Aku mengangguk-ngangguk tanda mengerti. “Bila mau ikut olimpiade juga gak?” 

Aku terkejut mendengar pertanyaan itu, “Pengen sih, Pak. Ya ... tapi banyak yang lebih pintar dibanding Bila.”

“Orang yang pintar akan kalah oleh orang yang berjuang. Kalau Bila mau ya harus berjuang. Kalau Bila benar-benar ikut olimpiade, bidang apa yang ingin diikuti?”

Haduh, ini pertanyaan yang tidak bisa kujawab. Aku malu mengatakannya pada Pak Ilham. “Ehm ... ada sih Pak mata pelajaran yang Bila suka, tapi Bila gak jago.”

“Ya gak apa-apa. Gemar bukan berarti harus bisa, kan?”

“Iya, ya? Hehe.”

“Memangnya apa? Biologi? Soalnya Bu Riana sering sebut nama Bila kalau sedang bercerita ke guru-guru lain.”

“Yang benar, Pak?”

Pak Ilham mengangguk. “Iya, katanya beliau ingin kamu ikut olimpiade biologi sama Zidan, kamu juga udah ditawari, tapi menolak. Kenapa memangnya? Kan sayang.”

“Bila gak suka mata pelajaran biologi, pusing, banyak hafalannya.”

Pak Ilham tertawa kecil. “Terus kamu sukanya apa?”

“Tapi Pak Ilham jangan ketawa, ya?”

Pak Ilham mengangguk. “Iya.”

“Bila suka pelajaran fisika.”

“Wah ... mata pelajaran yang saya ajar di kelas, tuh,” ucap Pak Ilham sambil tersenyum, Pak Ilham benar-benar terlihat senang.

“Hehe.
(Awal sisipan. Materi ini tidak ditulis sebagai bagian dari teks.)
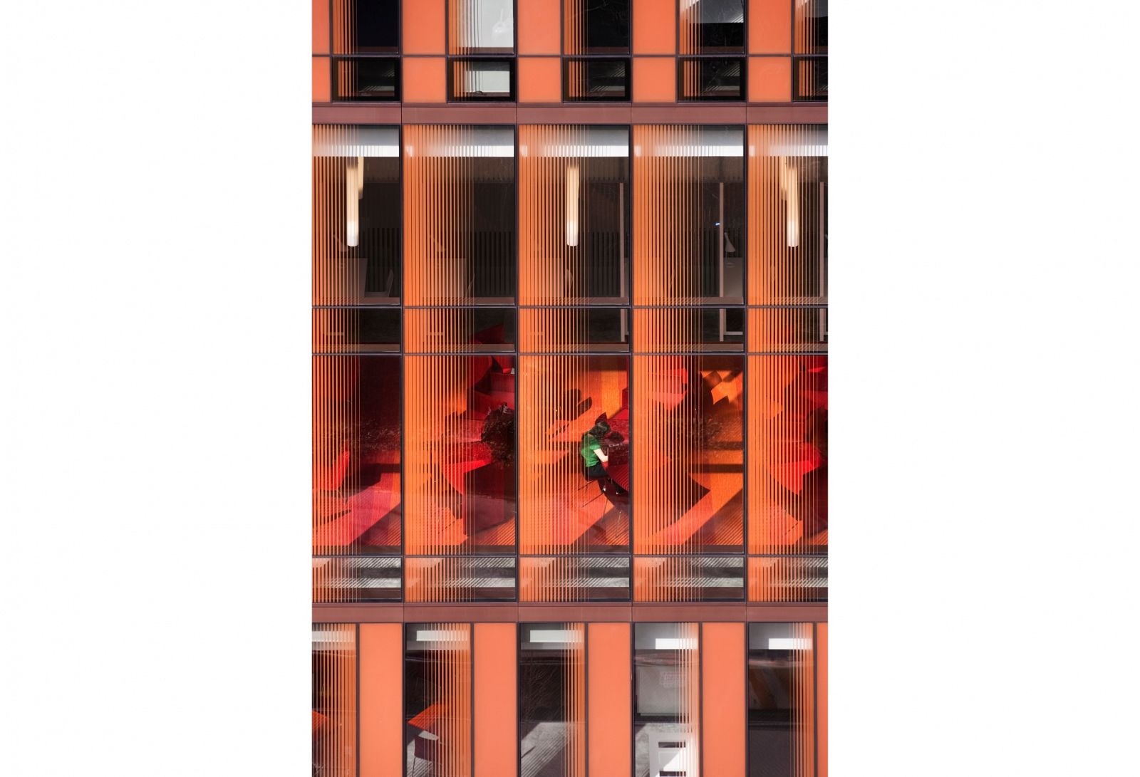The diverse programs of the building open to the light-filled atria and are connected by a series of ascending public stairs on the campus side of the building.
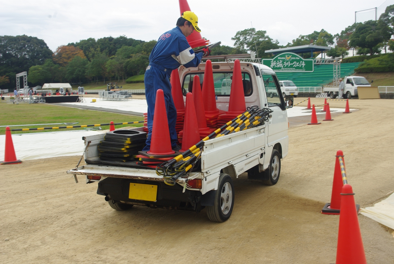 イベント担当の大岡組の主な仕事は、デモランなどのコースの目印となるコーンとコーンバーの設置です。
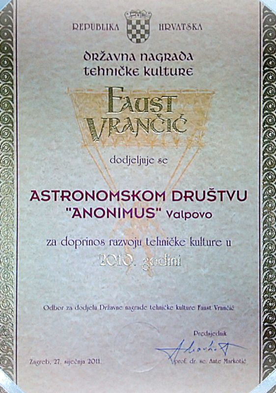 Astronomical society “Anonymus” is a non-profit organization, situated and operating in the Republic of Croatia. Initially an unregistered group of citizens, it was founded in November 1994 within (then known as) the Technical Culture Community in Valpovo, and as of 2001 it has been registered as a non-profitable organization, with its headquarters in the House of Technical Culture in the city of Valpovo.

Walau Bila suka fisika, tapi nilai raport paling kecil pas kelas sepuluh itu fisika loh, Pak.”

“Kok bisa?”

“Ya bisa dong. Kan tadi Bapak bilang, suka bukan berarti harus menguasai.”

“Kalau begitu ... mau saya bantu?”

“Bantu apa?”

“Bantu belajar biar bisa ikut olimpiade.”

Langkah kakiku mendadak berhenti. Aku tidak salah dengarkan? Pak Ilham mau membantuku belajar? “Beneran, Pak?”

Pak Ilham mengangguk.

“Terima kasih, ya, Pak.”

“Sama-sama. Ngomong-ngomong rasanya ada yang aneh.”

Aku menoleh ke arah Pak Ilham. Guru muda nan tampan itu terfokus pada sesuatu, dahinya sampai mengernyit. “Apanya yang aneh?”

Pak Ilham menoleh lalu tersenyum dan berkata, “Gak ada.”

Aku bertanya-tanya dalam hati, kenapa Pak Ilham bertingkah aneh seperti itu? tadi beliau melihat ke arah mana? Andaikan saja aku memakai kaca mata, mungkin aku bisa mengetahui apa yang membuat Pak Ilham kebingungan seperti itu.

“Bila?”

“Eh?” Aku terkejut karena saking fokusnya berpikir.

“Kenapa diam disitu? Ayo!” Aku mengangguk dan kembali berjalan di samping Pak Ilham. 

“Saya mau ke perpustakaan dulu, Bila langsung ke kelas saja.”

“Iya, Pak.”

Aku dan Pak Ilham berpisah di lorong yang berbeda. Pak Ilham pergi ke arah kanan dan aku ke sebelah kiri. Namun, langkahku kembali terhenti saat ponsel tergeletak dengan mengenaskan di lantai.